The department could have restricted participating emergency first-responders from injecting patients with PolyHeme, but instead voted 6-to-1 to defer to University Hospital’s decision to proceed with the study.
Board member Laurie Baksh abstained, saying she wanted to hear more from LDS Hospital, which has postponed its study citing scientific and ethical considerations.
Testing was placed on hold late last month at both hospitals after the Wall Street Journal reported the maker of PolyHeme, Northfield Laboratories, tried to hide crucial details about a 2000 blood-substitute study. The Journal reported that 10 heart surgery patients in that experiment had experienced heart attacks, while other patients given actual blood did not.
The Department of Health board contends that details from the 2000 study were disclosed to the hospitals. Stephen Morris, University Hospital’s trauma director and principal investigator for the trial, said he received the information before the current study began.
The board also agreed that the study’s consent form adequately informed potential patients about the study’s enrollment procedure and outlined who could participate in the study.
But concerns were raised about how first-responders would determine whether an unconscious female trauma patient were pregnant. Children, “obviously pregnant” women, patients with severe head injuries, those who have known objections to blood transfusions and those who have special bracelets indicating they don’t want to participate are exempt from the study.
LDS Hospital representative Matt Rydman said his hospital review board opted out of the study Thursday because it wants more information about the results of the 2000 study. He said the board didn’t think the public was sufficiently informed about the heart attack victims in the 2000 study. The board also requested that information pertaining to the possibility of fluid overload in the body when PolyHeme is introduced be stated clearly on the consent form.

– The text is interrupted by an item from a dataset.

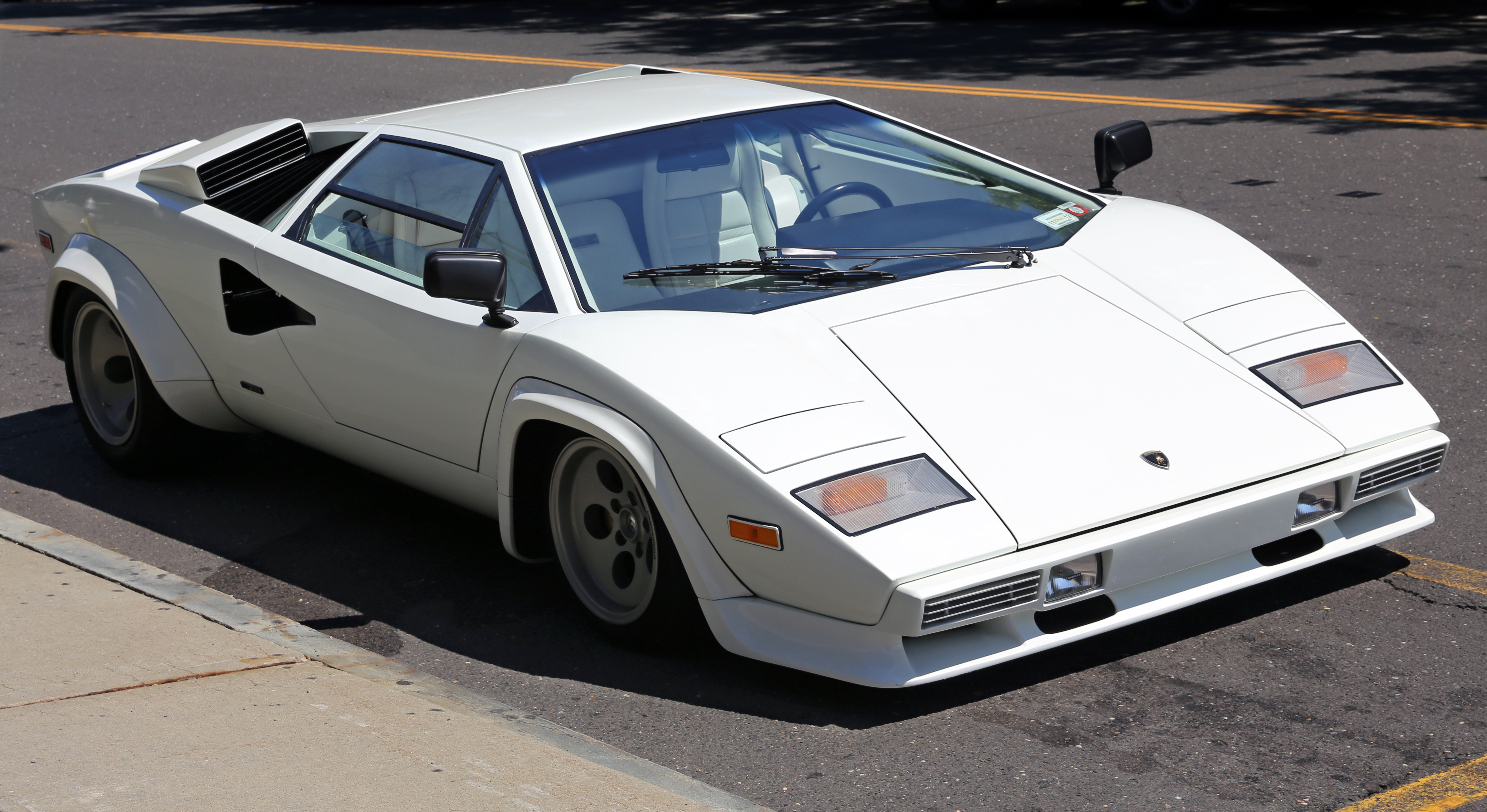 Front left 3/4 view of 1981 Lamborghini Countach LP400S, a late series 2 version.

Morris said University Hospital restarted its study March 3 after receiving assurances from Northfield and an independent committee that the current study did not pose cardiovascular or other adverse risks that would jeopardize the safety of the trial.
Emergency medical service agencies from Salt Lake and West Valley cities, Sandy and Summit County are participating in the study, though PolyHeme has not yet been given to any patients from Utah.
PolyHeme is a blood substitute, compatible with all blood types, that can be given to trauma victims immediately. Thirty-one trauma centers in 18 states are enrolled in the study. Of the 720 patients expected to participate, as many as 36 will be from Utah.